Task 4: Define a synthetic feature

You have determined that total_rooms and population were not useful features. That is, neither the total number of rooms in a neighborhood nor the neighborhood's population successfully predicted the median house price of that neighborhood. Perhaps though, the ratio of total_rooms to population might have some predictive power.
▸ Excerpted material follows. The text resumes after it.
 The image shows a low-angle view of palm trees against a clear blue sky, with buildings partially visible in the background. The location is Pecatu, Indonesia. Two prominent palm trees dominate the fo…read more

That is, perhaps block density relates to median house value.

To explore this hypothesis, do the following:

  1. Create a synthetic feature that's a ratio of total_rooms to population. (If you are new to pandas DataFrames, please study the .)
  2. Tune the three hyperparameters.
  3. Determine whether this synthetic feature produces a lower loss value than any of the single features you tried earlier in this exercise.

In [0]:
# Define a synthetic feature named rooms_per_person
training_df["rooms_per_person"] = ? # write your code here.

# Don't change the next line.
my_feature = "rooms_per_person"

# Assign values to these three hyperparameters.
learning_rate = ?
epochs = ?
batch_size = ?

# Don't change anything below this line.
my_model = build_model(learning_rate)
weight, bias, epochs, rmse = train_model(my_model, training_df,
                                         my_feature, my_label,
                                         epochs, batch_size)
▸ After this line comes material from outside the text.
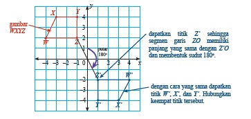 Tentukan bayangan trapesium WXYZ dengan koordinat W (–4, 2), X (–3, 4), Y (–1, 4) dan Z (–1, 2) pada rotasi 180o dengan pusat rotasi O (0, 0)!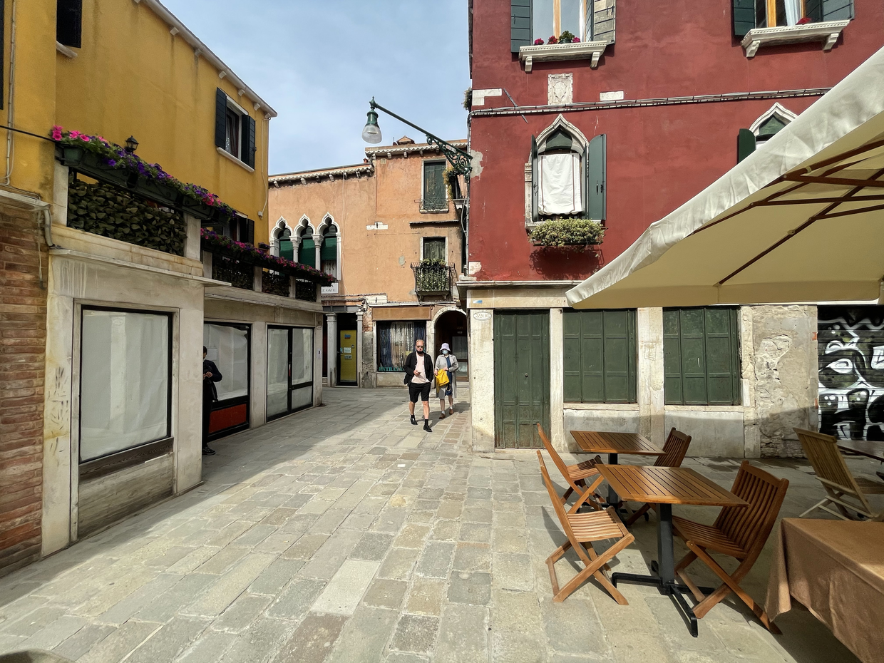 In Salergadade le Gate, shops and small businesses are going through a difficult time, although they have never been very successful. Dusty showcases covered with heavy, rusty shutters have been closed for many years. Castello has always been an area of lepers, workers, Franciscan monks and the Order of Malta. A tiny engraving on the wall depicts the Virgin Mary standing on a projectile? Marco Scourati, a long-time scout of Lithuanian pavilions and an activist in local communities, explains: “La bomba were made in these houses, and it happened, from time to time, some quertiers would explode unexpectedly”. Nevertheless, a dubious reputation or patronage has protected the area from various misfortunes. The day of my visit, the third Saturday in July, celebrates one of the biggest holidays of the year, Radentore, to mark the victory against the plague that killed thousands of Venetians and the great painter Ticiano, but according to legend, not a single one was registered in Castello. "Perhaps this miraculous force is protecting our crossroads from zombie tourists and the toxic Chinese capital, one after another sucking life from the surrounding cafe restaurants," Marco smiles bitterly, shaking hands with Mario, the owner of Bar al Canton. Obviously, the antidote here is another - in Salizada la gate there is an unwritten association based on Italian communal ideology, the tradition of coexistence and solidarity is passed down from generation to generation.

plot_the_loss_curve(epochs, rmse)
predict_house_values(15, my_feature, my_label)

In [0]:
#@title Double-click to view a possible solution to Task 4.

# Define a synthetic feature
training_df["rooms_per_person"] = training_df["total_rooms"] / training_df["population"]
my_feature = "rooms_per_person"

# Tune the hyperparameters.
learning_rate = 0.06
epochs = 24
batch_size = 30

# Don't change anything below this line.
my_model = build_model(learning_rate)
weight, bias, epochs, mae = train_model(my_model, training_df,
                                        my_feature, my_label,
                                        epochs, batch_size)
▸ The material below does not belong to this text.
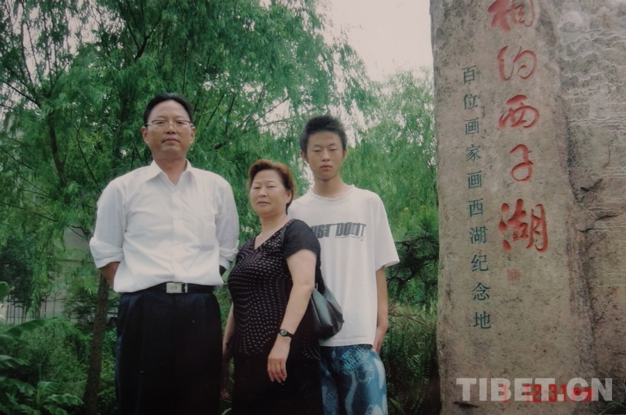 圖為王藏江與愛(ài)人、孩子在杭州西湖合影

plot_the_loss_curve(epochs, mae)
predict_house_values(15, my_feature, my_label)

Based on the loss values, this synthetic feature produces a better model than the individual features you tried in Task 2 and Task 3. However, the model still isn't creating great predictions.

Task 5. Find feature(s) whose raw values correlate with the label

So far, we've relied on trial-and-error to identify possible features for the model. Let's rely on statistics instead.

A correlation matrix indicates how each attribute's raw values relate to the other attributes' raw values. Correlation values have the following meanings:

  • 1.0: perfect positive correlation; that is, when one attribute rises, the other attribute rises.
  • -1.0: perfect negative correlation; that is, when one attribute rises, the other attribute falls.
  • 0.0: no correlation; the two column's are not linearly related.

In general, the higher the absolute value of a correlation value, the greater its predictive power. For example, a correlation value of -0.8 implies far more predictive power than a correlation of -0.2.

The following code cell generates the correlation matrix for attributes of the California Housing Dataset:


In [0]:
# Generate a correlation matrix.
training_df.corr()

The correlation matrix shows nine potential features (including a synthetic feature) and one label (median_house_value). A strong negative correlation or strong positive correlation with the label suggests a potentially good feature.

Your Task: Determine which of the nine potential features appears to be the best candidate for a feature?


In [0]:
#@title Double-click here for the solution to Task 5

# The `median_income` correlates 0.7 with the label 
# (median_house_value), so median_income` might be a 
# good feature. The other seven potential features
# all have a correlation relatively close to 0. 

# If time permits, try median_income as the feature
# and see whether the model improves.

Correlation matrices don't tell the entire story. In later exercises, you'll find additional ways to unlock predictive power from potential features.

Note: Using median_income as a feature may raise some ethical and fairness issues. Towards the end of the course, we'll explore ethical and fairness issues.